O motivo mais profundo do colecionador, para Benjamin, é empreender “a luta contra a dispersão. O grande colecionador é tocado bem na origem pela confusão, pela dispersão em que se encontram as coisas no mundo [...]”. (2006, p. 245). Para afastar essa angústia de uma

vida tão fragmentada ele coleciona, organiza, cataloga — na sua maneira, podendo ser inteligível pra outros — e assim cria um mundo particular repleto de memória e identidade:

É a partir de múltiplos mundos classificados, ordenados e nomeados em sua memória, de acordo com uma lógica do mesmo e do outro subjacente a toda categorização – reunir o semelhante, separar o diferente – que um indivíduo vai construir e impor sua própria identidade. As descontinuidades que ele vai impor sob a forma de categorias e taxonomias diversas à sua experiência do mundo exterior lhe permitem identificar e se orientar em um “corpus de dados sensíveis que seria, de outra forma, caótico” (CANDAU, 2012, p. 84).

Também podemos ver em Baudrillard um colecionador que luta contra essa angústia, que tenta, de certa maneira, ter a sensação de controle sobre sua vida e atingir um equilíbrio — o qual existe, mas será neurótico, na posição do autor. Para ele, o real poder dos objetos vem do fato de a organização da coleção poder substituir o tempo, sendo por isso muitas vezes referida como passatempo, por aboli-lo:

Deixemos de lado aqui a mitologia espontânea que quer que o homem ou se prolongue ou sobreviva nos seus objetos.

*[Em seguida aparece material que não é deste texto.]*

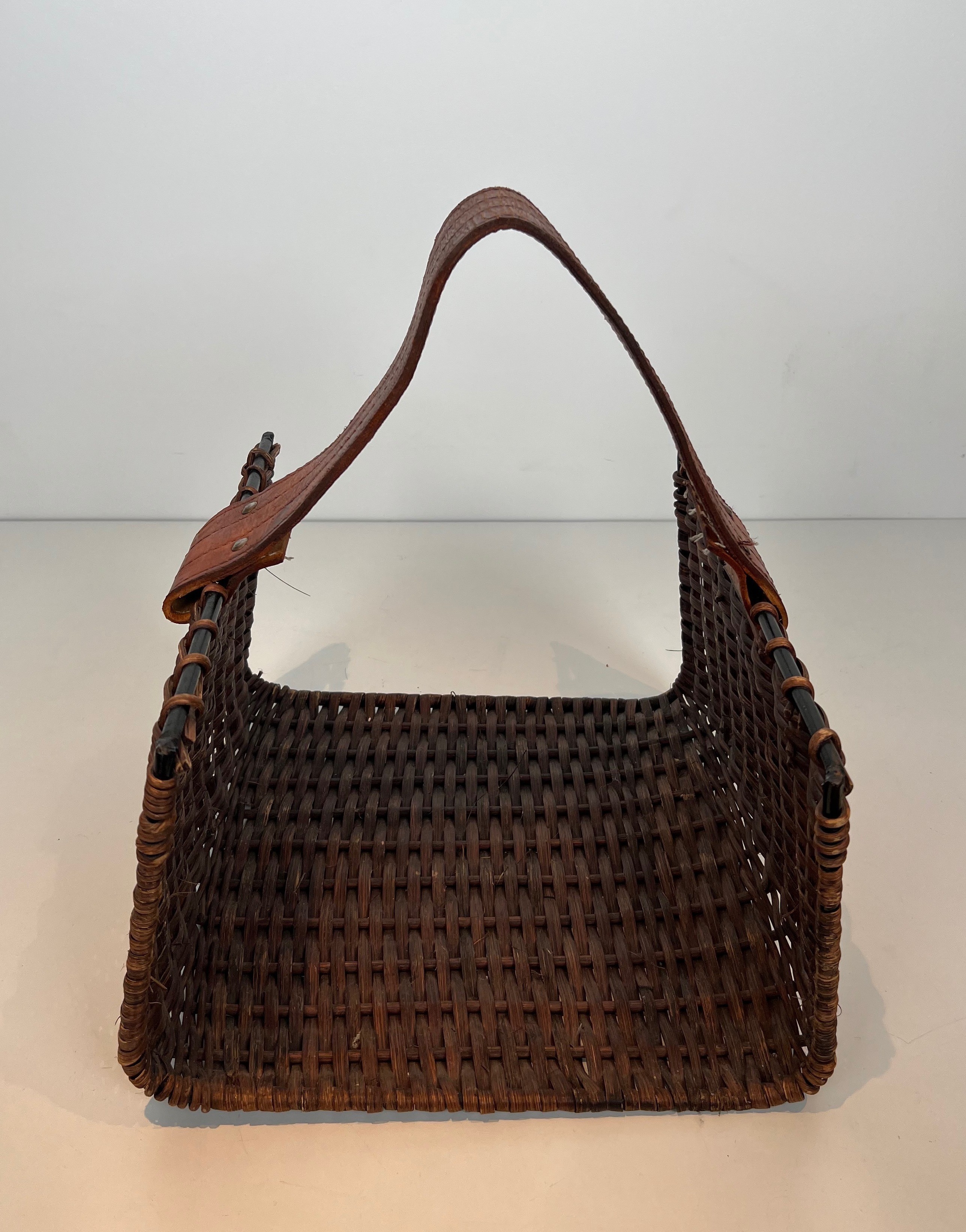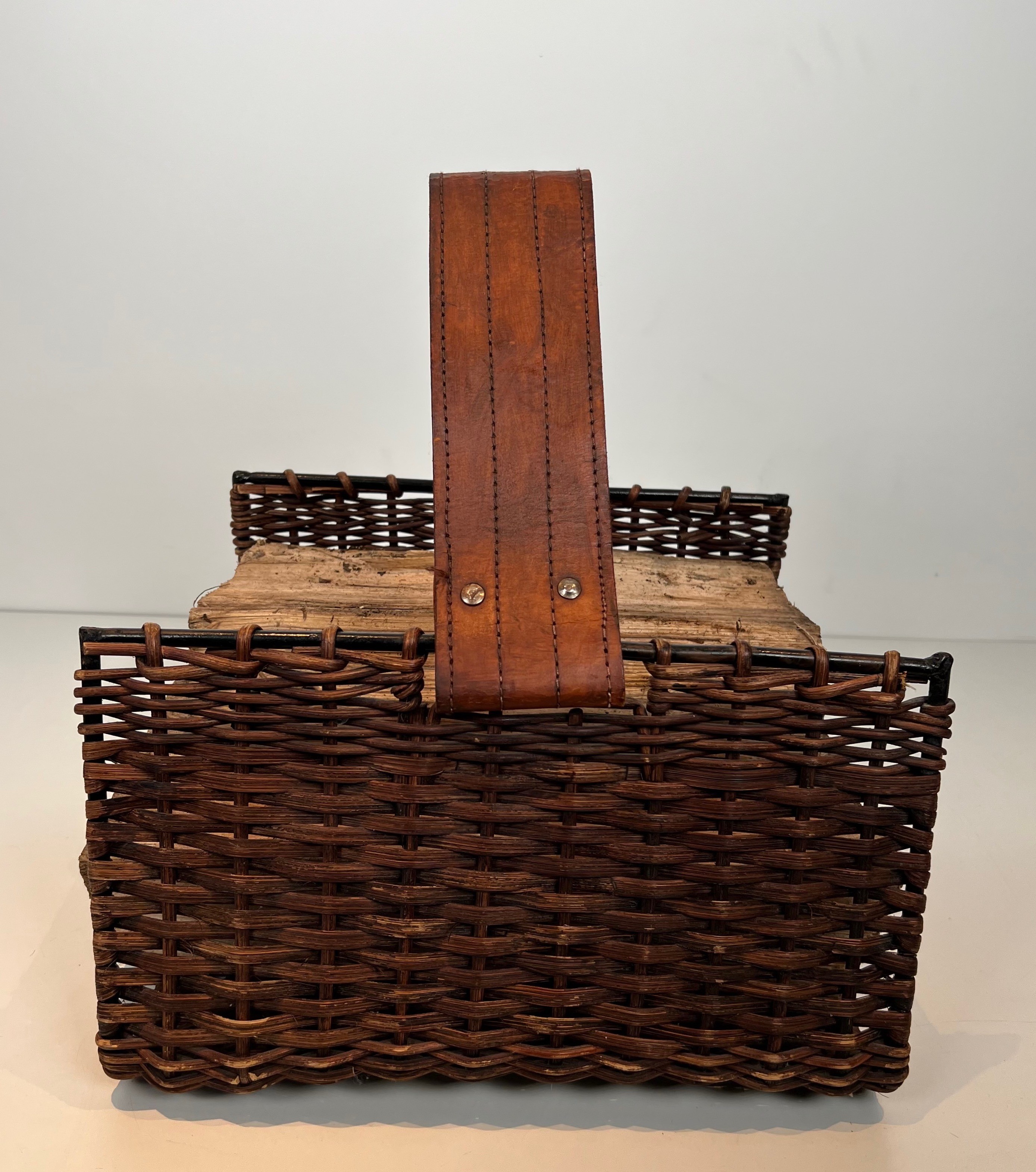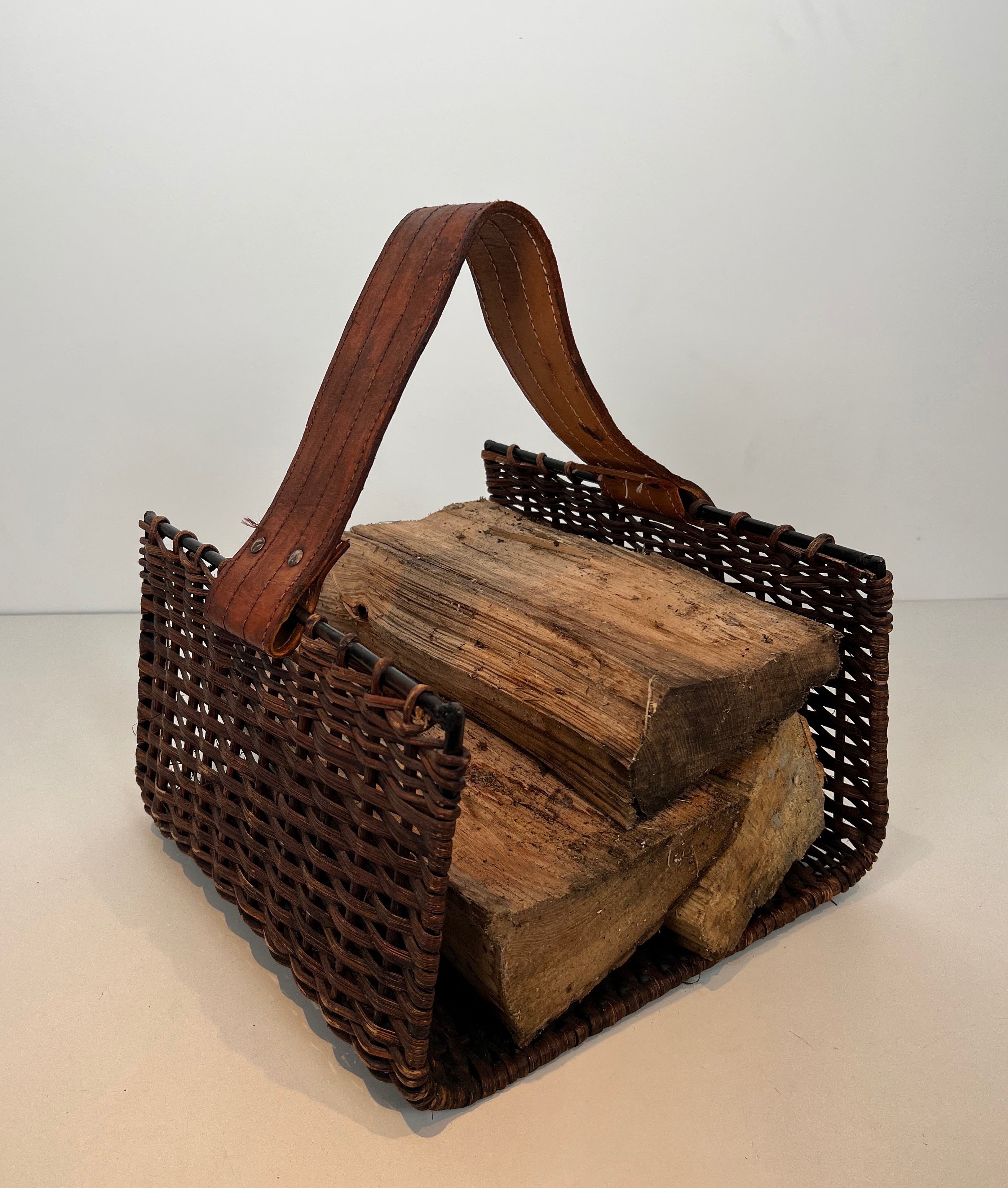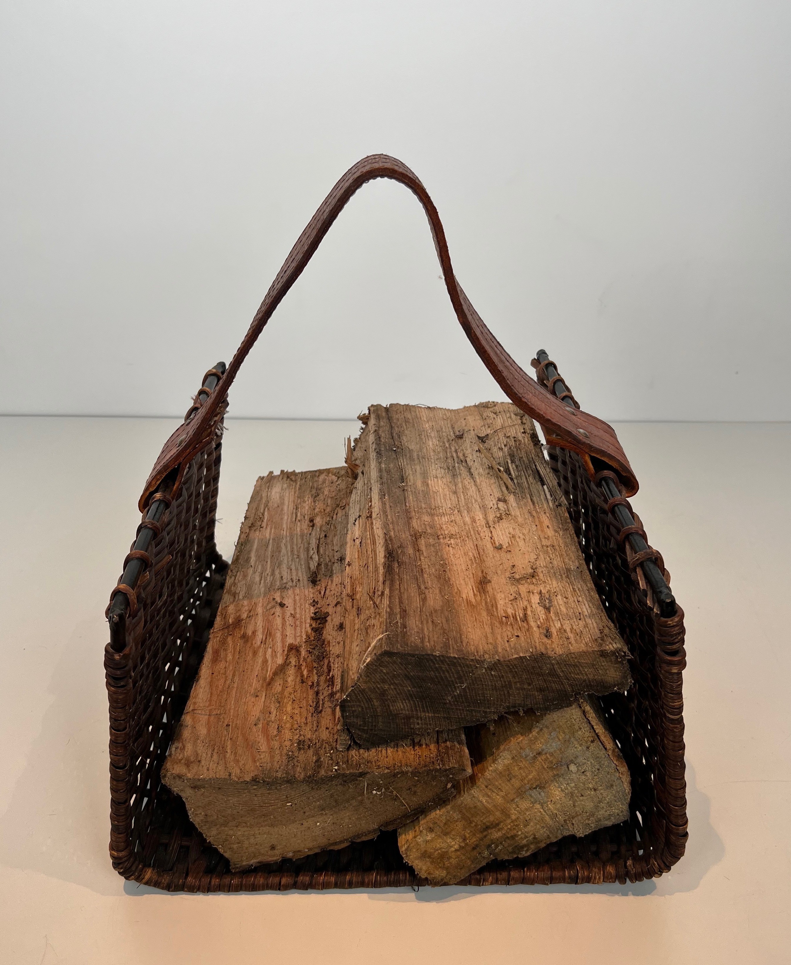 Rattan, black lacquered metal and leather log holder. French. Circa 1970
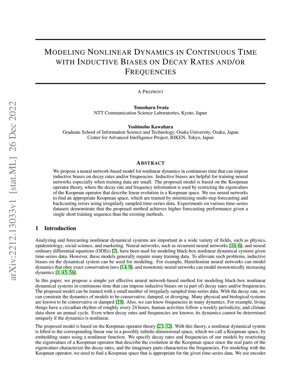 We propose a neural network-based model for nonlinear dynamics in continuous time that can impose inductive biases on decay rates and/or frequencies. Inductive biases are helpful for training neural networks especially when training data are small. The proposed model is based on the Koopman operator theory, where the decay rate and frequency information is used by restricting the eigenvalues of the Koopman operator that describe linear evolution in a Koopman space. We use neural networks to find an appropriate Koopman space, which are trained by minimizing multi-step forecasting and backcasting errors using irregularly sampled time-series data. Experiments on various time-series datasets demonstrate that the proposed method achieves higher forecasting performance given a single short training sequence than the existing methods.
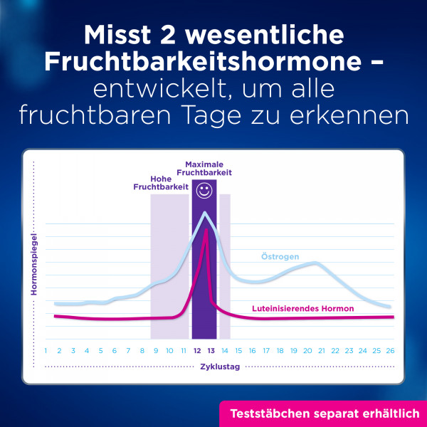 - Misst 2 wichtige Fruchtbarkeitshormone – entwickelt, um alle fruchtbaren Tage zu erkennen
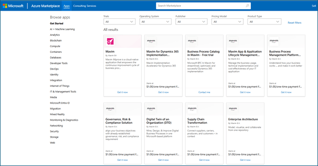 Mavim is one of several business process management (BPM) platforms you can find in the Azure Marketplace Apps. Mavim acts as a centralized process repository. It is well integrated with the Microsoft ecosystem, using Visio for diagrams and Word for descriptions. Within the tool, you can create your own metadata fields and create relationships between the processes. It allows for multi-stakeholder collaboration and has version control. In addition, Mavim has some analytical capabilities that allow for identification of bottlenecks, redundancies, and opportunities for optimization.
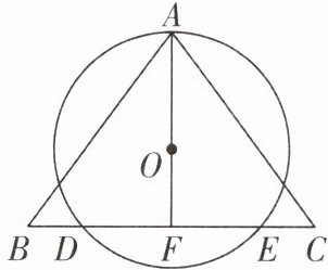 8 [2025 江苏宿迁期中]如图,在$\triangle ABC$中,AB= AC,点 D,E 在边 BC 上,BD= CE. 过 A,D,E 三点作$\odot O$,连接 AO 并延长,交 BC 于点 F.
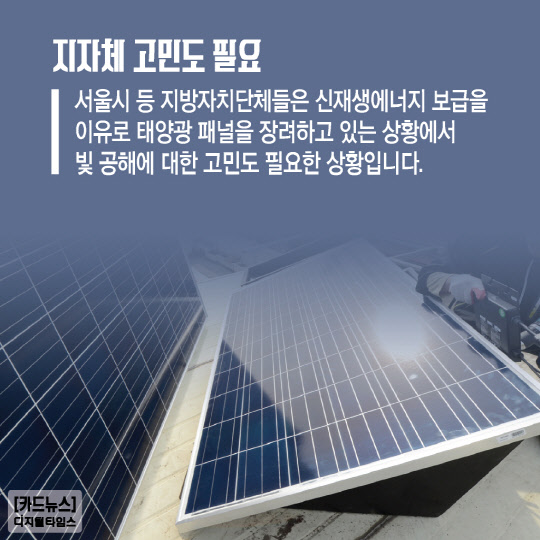 서울시 등 지방자치단체들은 신재생에너지 보급을 이유로 태양광 패널을 장려하고 있는 상황에서 빛 공해에 대한 고민도 필요한 상황입니다.
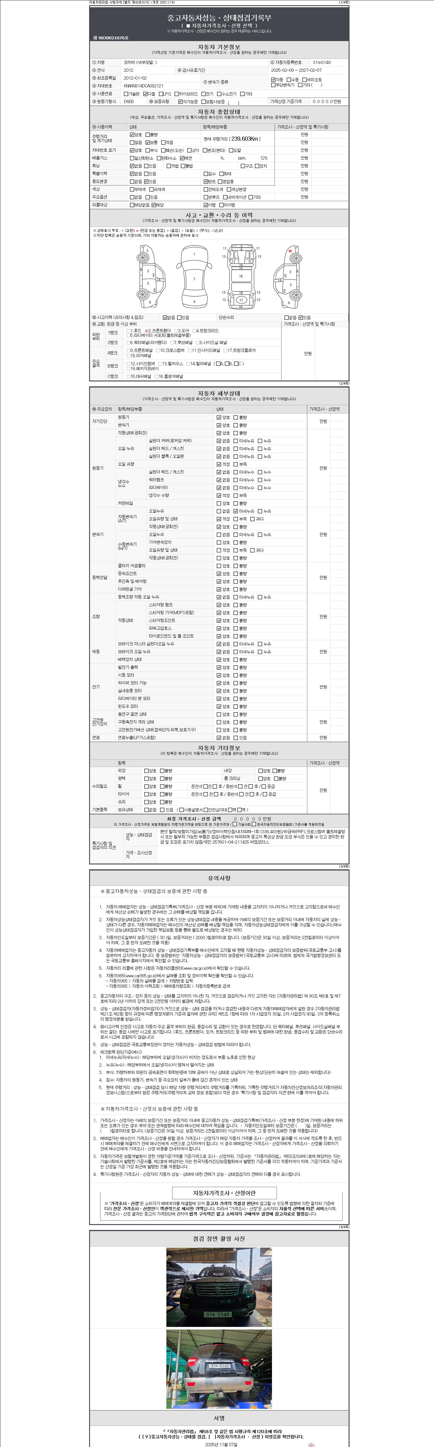 2. 차량 등록증이나 성능점검지 등을 상담자에게 요청및 확인하시고 사전에 미리 점검 하시기를 권유드립니다.
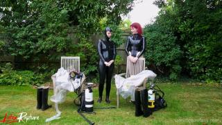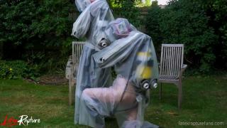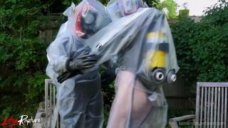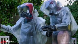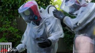 In the seclusion of the backyard, I stood for the first time in front of the protective suit whose contours promised a journey into the forbidden. I was already rubberised and the thought of another completely airtight layer of isolation made my heart race. As I felt the cool fabric, I felt a rush of anticipation flow through me, igniting my pussy and making me instantly wet. I slipped into the suit and the feeling of the two layers sliding against each other made me moan. The airtight breathing mask, the thick latex gloves and the rubber boots isolated me completely from the outside world.

O processo-refúgio não é o de imortalidade, de perpetuidade, de sobrevivência em um objeto-reflexo [...], mas sim um jogo mais complexo de “reciclagem” do nascimento e da morte em um sistema

de objetos. O que o homem encontra nos objetos não é a garantia de sobreviver, é a de viver a partir de então continuamente em uma forma cíclica e controlada o processo de sua existência e de ultrapassar assim simbolicamente esta existência real cujo acontecimento irreversível [a morte] lhe escapa (BAUDRILLARD, 2009,

p. 104-105, grifos do autor).

Apesar de Benjamin (1995, p. 234) colocar que uma das características mais intrínsecas da coleção é sua transmissibilidade, e que o receptor desta deva agir como um herdeiro, zelando por sua posse, ele acredita que a coleção perde seu sentido quando perde seu agente. Inclusive, de maneira bem radical, defende que as coleções públicas são desprovidas de sentido, apesar do bem que fazem à sociedade. Por dizer tanto sobre identidade, essas coleções seriam algo inseparável de seu dono.

Ou, na perspectiva baudrillardiana: o fim do ciclo dos objetos-reflexo, que representam o lado narcisista de todo colecionador. Para o autor, os objetos são como um espelho melhorado, que refletem as imagens desejadas e não as reais. Apresentando a capacidade de ser possuído, personalizado e contabilizado e não oferecendo nenhum tipo de restrição, esse objeto é investido de tudo que não é possível numa relação humana, visto que as diferenças, no relacionamento entre seres vivos, dirigiriam uns contra os outros. Segundo ele, os objetos colecionados são, no fundo, a repetição do próprio colecionador; então, apesar de poder ser continuada após a morte do primeiro dono, a coleção nunca será a mesma.